The defendant foreclosed its mortgage on July 28, 1987, and caused the property to be sold for $175,000 at a public auction. The defendant deducted its foreclosure costs of $17,840.18 from this amount to arrive at the net proceeds of the foreclosure sale, which were $157,159.82. The defendant then deducted its principal, the interest that had accrued, and the unpaid late charges, which totalled $98,776.87. After subtracting this amount from the net proceeds, there was a surplus of $58,382.95 available to the second and third mortgagees. Brothers 6 Realty claimed $25,211.17 to satisfy its mortgage, leaving a surplus of $33,171.68. Because the principal amount of the plaintiffs’ mortgage was $40,000, their mortgage was left unsatisfied in the amount of $6,828.32.

The plaintiffs brought a petition for declaratory judgment in which they requested the superior court to determine whether or not RSA 479:3 (Supp. 1988) bars a foreclosing mortgagee with priority from recovering its foreclosure costs, accrued interest, and late charges, the sum total of which exceeds the face principal [549]*549amount of the mortgage, when this would cause the surplus remaining from the foreclosure sale to be insufficient to satisfy a junior lienholder’s mortgage.
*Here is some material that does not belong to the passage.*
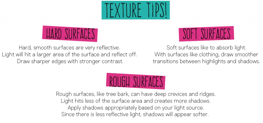 Not everything is made of the same material so learning how to portray different textures can be an important part of drawing.
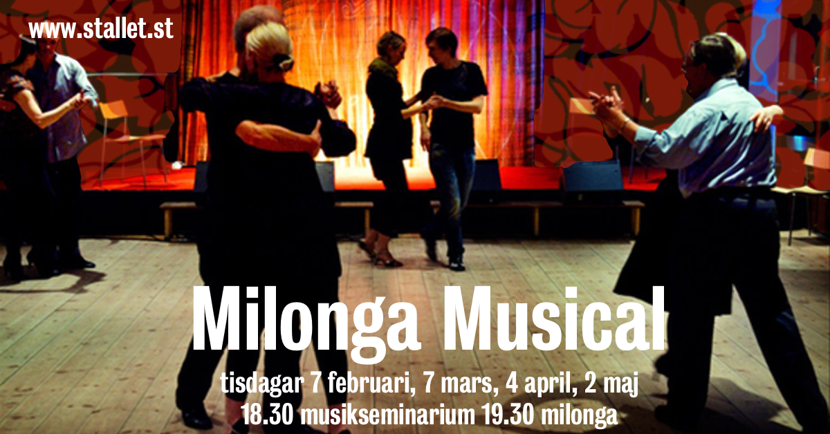 DJ spelar klassisk tango, vals och milonga. Första halvtimmen är dock öppen för mer experimentell musik – du är välkommen att ta med dig egen och lämnar till DJ:n. Före milongan är det ett musikseminarium eller dansverkstad med olika intressanta teman.

The trial court held that foreclosure costs were properly recovered and, after examining the language and legislative history of the statute, further held that RSA 479:3 (Supp. 1988) applies only to advances, and that the defendant could also recover its full principal, accrued interest and late charges. For the reasons that follow, we agree with the trial court and hold that RSA 479:3 (Supp. 1988) does not bar the defendant’s recovery of accrued interest, late charges, and foreclosure costs.

The plaintiffs argue on appeal that RSA 479:3 (Supp. 1988) precludes the defendant’s recovering more than $92,000, the maximum amount stated in its mortgage. The statute, entitled “Priority of Advances Under A Recorded Mortgage,” provides:

“Subject to the provisions on priority in RSA 447:12-a, a recorded mortgage takes priority as of the date of its recording as to advances or obligations thereafter made or incurred that do not exceed the maximum amount stated in the mortgage.”
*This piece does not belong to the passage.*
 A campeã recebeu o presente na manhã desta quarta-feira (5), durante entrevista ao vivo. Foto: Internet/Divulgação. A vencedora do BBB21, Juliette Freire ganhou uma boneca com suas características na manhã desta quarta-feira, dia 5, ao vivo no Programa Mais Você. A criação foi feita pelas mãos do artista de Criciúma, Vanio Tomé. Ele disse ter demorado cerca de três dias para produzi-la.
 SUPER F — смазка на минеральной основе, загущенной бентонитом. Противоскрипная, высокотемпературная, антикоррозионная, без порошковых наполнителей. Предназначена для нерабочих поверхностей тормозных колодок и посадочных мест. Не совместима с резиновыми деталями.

(Emphasis added.) RSA 479:3 (Supp. 1988). The plaintiffs argue that the foreclosure costs, accrued interest, and late charges which the defendant collected were obligations incurred after the mortgage was recorded, and that the statute limits the defendant’s recovery to the amount appearing on the face of its mortgage. The defendant argues that its first mortgage secured payment of the principal of the loan, as well as late charges, accrued interest, and foreclosure costs. The defendant further argues that these amounts are not “future advances,” and that RSA 479:3 (Supp. 1988) therefore does not apply. For the plaintiffs to prevail on this appeal, the phrase “advances or obligations thereafter made or incurred” must be interpreted to include foreclosure costs, accrued interest, and late charges related to the original loan. We conclude, however, that the plaintiffs’ argument lacks support and that both prior decisions of this court and the legislative history of RSA 479:3 (Supp. 1988) instead support the defendant’s position.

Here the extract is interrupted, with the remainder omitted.